Border fence in Hidalgo County.
Border fence in Hidalgo County. Jen Reel

A nonprofit watchdog group is demanding an investigation into whether U.S. Customs and Border Protection (CBP) officials violated federal law by instructing federal employees and contractors not to speak to the press or public about the construction of Trump’s border wall.

In November, the Observer published dozens of border wall documents obtained in a Freedom of Information Act request filed by the Sierra Club. The Project on Government Oversight (POGO) is calling attention to a communication plan for the border wall that directs U.S. Army Corps of Engineers personnel not to talk to “the public or the media about the mission.” Titled  “Strategic Communications,” the 10-page document states, “In the field only the CBP Office of Public Affairs or a [Border Patrol] agent can speak about the mission to the public or the media.”

The document also warns, “This is a controversial project generating great public interest. This is also a fast-paced program where unexpected developments can be expected.”

POGO contends that CBP failed to include whistleblower protection language required by law in any management communication to federal employees that “directs them to not communicate outside of their agency.” The group says the CBP directive is effectively a gag order, a ban on speaking to the public or media. The protection language, required under the federal Whistleblower Protection Enhancement Act, advises federal employees that they have the right by law to speak out.

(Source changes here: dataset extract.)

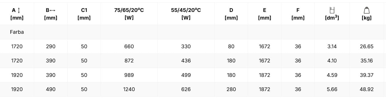 Dane techniczne grzejników

In the letter addressed to the Office of Special Counsel, Danielle Brian, executive director of the watchdog group, writes, “CBP’s management communications are likely to erroneously create the impression that government employees and contractors at CBP, the Army Corps of Engineers, and other agencies have no legal avenue to blow the whistle on government waste, fraud, and abuse.”

The letter was also sent to Senator Charles Grassley, and three House members: Mark Meadows, Elijah Cummings and Frank Pallone, who have sponsored whistleblower protection legislation in Congress.

The group demands that the border wall communication plan be immediately withdrawn and revised to include the required language under law. “We urge [the Office of Special Counsel] to investigate and work to resolve this concern.”

Melissa del Bosque is a staff writer and a 2016-17 Lannan Fellow at The Investigative Fund.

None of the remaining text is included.